Gradient value normalization is done here with respect to the L2-norm of the gradient. I.e., we adjust the length of the gradient to a unit length. Why does such a normalization help us with respect to convergence? You remember from a previous article series about MLPs that we had to care about a reasonable balance of an adaptive application of gradient values *and* a systematic reduction of the learning rate when approaching the global minimum of a cost function. The various available adaptive gradient methods care about speed and a proper deceleration of the steps by which we move across the cost hyperplane. When we approached a minimum we needed to care about overshooting. In our present gradient ascent case we have no such adaptive fine-tuning available. What we can do, however, is to control the length of the gradient vector such that changes remain of the same order as long as we do not change the step-size factor (epsilon). I.e.:

- We do not wildly accelerate our path on the loss hyperplane when some local pixel areas want to drive us into a certain direction.
- We reduce the chance of creating pixel values out of normal boundaries.
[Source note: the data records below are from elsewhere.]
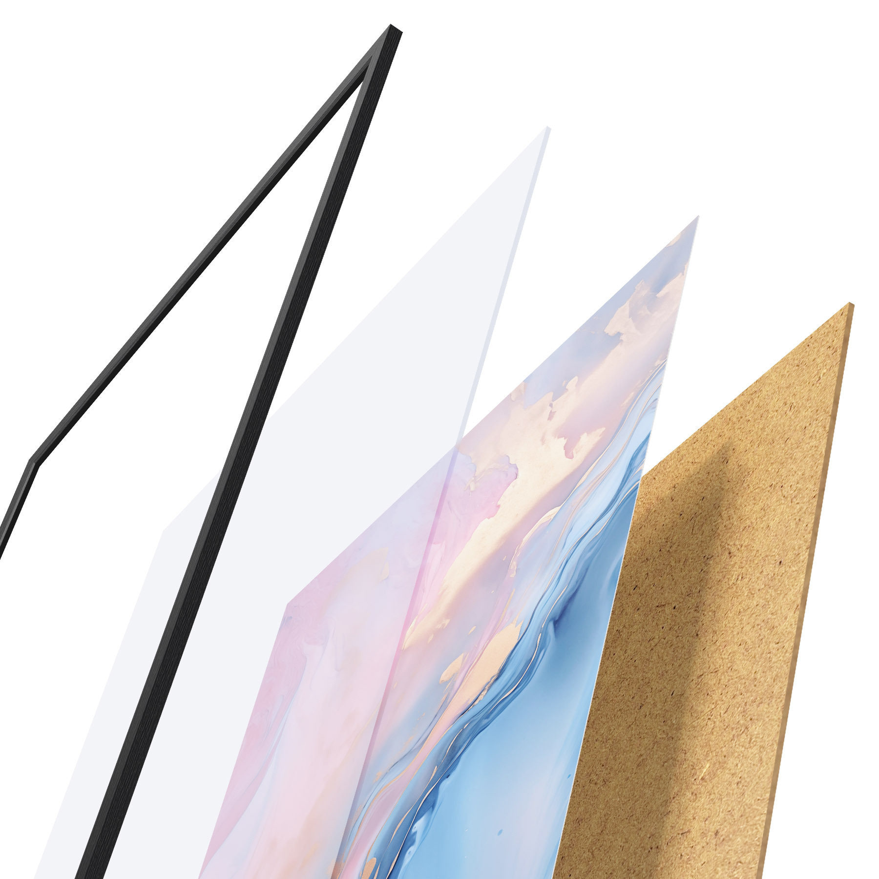 A poszter keretből, plexiből, nyomtatott képből és forgácslap hátlapból áll. A poszter a hátoldalon található rögzítőknek köszönhetően azonnal felakasztható a falra.
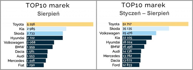 Dokładnie 5076 nowych samochodów osobowych z silnikami diesla zarejestrowano w Polsce w sierpniu tego roku. A wiecie ile w tym samym czasie sprzedano klasycznych hybryd, plug-inów oraz elektryków? Dokładnie 5963. To pierwsza taka sytuacja w historii i znak, że rynek zmienia się znacznie szybciej, niż się spodziewaliśmy. A korzystają na tym marki, które potrafią się do tych zmian dostosować. Doskonale to widać po wynikach Kia. W sierpniu została drugą najpopularniejszą marką w Polsce. A po pierwszych 10 dniach września ma niesamowite 11 proc. udziałów w rynku!
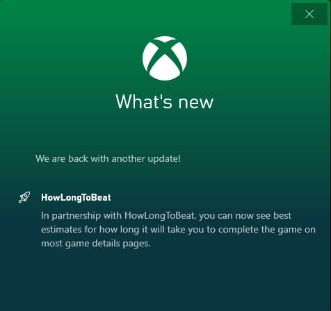 I opened the Xbox App on PC and noticed a new feature that integrates howlongtobeat time and length estimates.
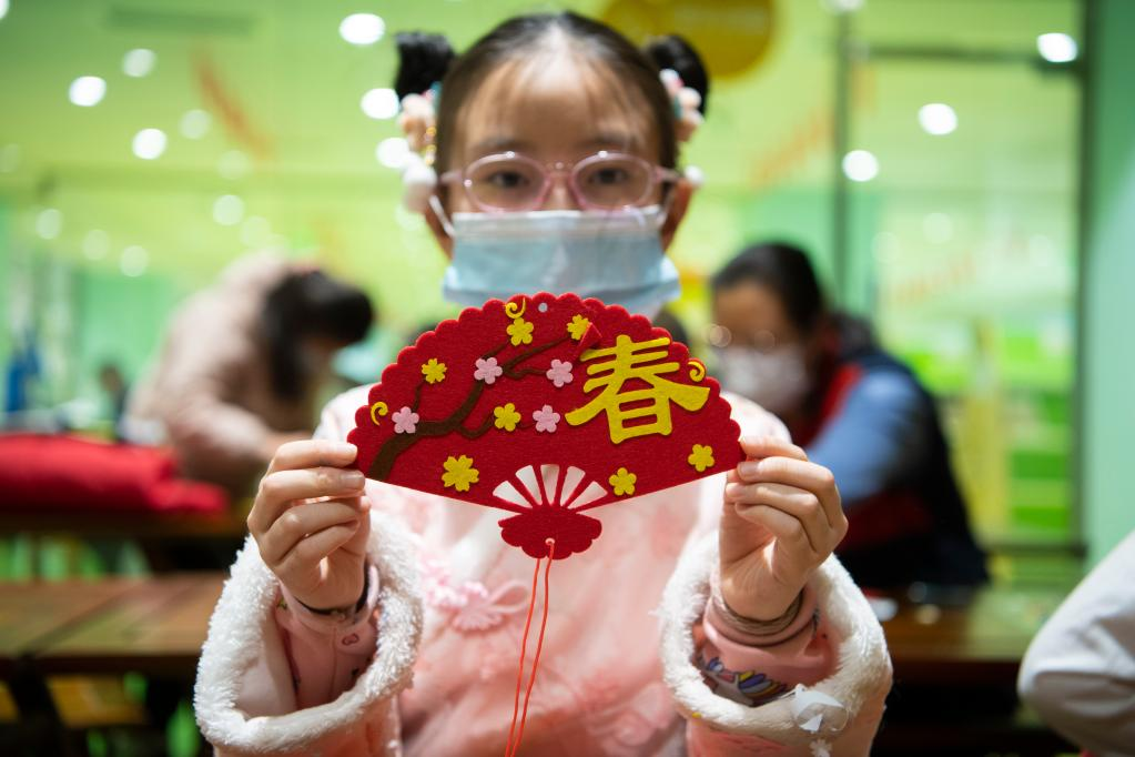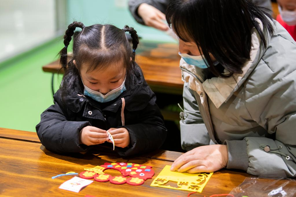2月6日,小朋友和家长在太原市图书馆参加“巧手迎新春”手工DIY活动。

The last point fits well with a situation where the CNN has been trained on normalized or standardizes input images. Due to the normalization the size of pixel value corrections now depends significantly on the factor "epsilon". We should choose it small enough with respect to the pixel values.

Another interesting statement in the above code fragment is

self._iterate = B.function( [self._r_cnn_inputs], [self._r_oip_loss, self._r_oip_grads] )

Here we use the Keras Backend to define a convenience function which relates input data with dependent outputs, whose calculations we previously defined by suitable statements. The list which is used as the first parameter of this function "_iterate()" defines the input variables, the list used as a second parameter defines the output variables which will internally be calculated via the GradientTape-functionality defined before. The "_iterate()"-function makes it much easier for us to build the optimization loop.

# The optimization loop for the construction of images that visualize OIPs and features

The optimization loop must systematically correct the pixel values to approach a maximum of the loss function. The following method "_oip_strat_0_optimization_loop()" does this job for us. (The "0" in the method's name refers to a first simple approach.)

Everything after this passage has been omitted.